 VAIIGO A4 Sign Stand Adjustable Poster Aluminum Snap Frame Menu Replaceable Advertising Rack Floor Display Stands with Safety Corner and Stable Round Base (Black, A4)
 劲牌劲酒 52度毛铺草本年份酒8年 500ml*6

--

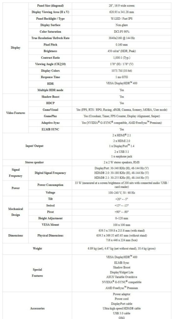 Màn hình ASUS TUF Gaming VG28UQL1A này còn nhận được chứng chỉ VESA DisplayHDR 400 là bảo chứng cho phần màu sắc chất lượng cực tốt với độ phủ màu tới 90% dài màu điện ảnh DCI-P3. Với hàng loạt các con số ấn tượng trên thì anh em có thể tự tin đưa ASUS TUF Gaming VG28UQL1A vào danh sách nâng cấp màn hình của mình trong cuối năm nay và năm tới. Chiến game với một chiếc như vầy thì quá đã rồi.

---

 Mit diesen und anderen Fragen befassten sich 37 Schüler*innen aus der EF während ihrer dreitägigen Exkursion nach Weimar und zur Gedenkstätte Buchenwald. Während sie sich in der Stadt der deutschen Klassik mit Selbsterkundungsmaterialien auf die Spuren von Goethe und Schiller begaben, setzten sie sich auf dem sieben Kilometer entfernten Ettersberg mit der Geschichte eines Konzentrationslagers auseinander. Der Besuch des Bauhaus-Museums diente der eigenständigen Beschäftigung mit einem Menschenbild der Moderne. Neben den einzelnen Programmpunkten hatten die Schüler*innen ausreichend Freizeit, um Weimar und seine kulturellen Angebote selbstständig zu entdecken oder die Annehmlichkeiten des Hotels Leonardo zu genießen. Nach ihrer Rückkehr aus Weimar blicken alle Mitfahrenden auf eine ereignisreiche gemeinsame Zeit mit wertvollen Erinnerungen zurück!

Task item ▸ Your answer should be the lines above from the one containing "VAIIGO A4 Sign" through the one containing "劲牌劲酒 52度毛铺草本年份酒8年 500ml*6", copied exactly and with both ends kept.

Written solution ▸
 VAIIGO A4 Sign Stand Adjustable Poster Aluminum Snap Frame Menu Replaceable Advertising Rack Floor Display Stands with Safety Corner and Stable Round Base (Black, A4)
 劲牌劲酒 52度毛铺草本年份酒8年 500ml*6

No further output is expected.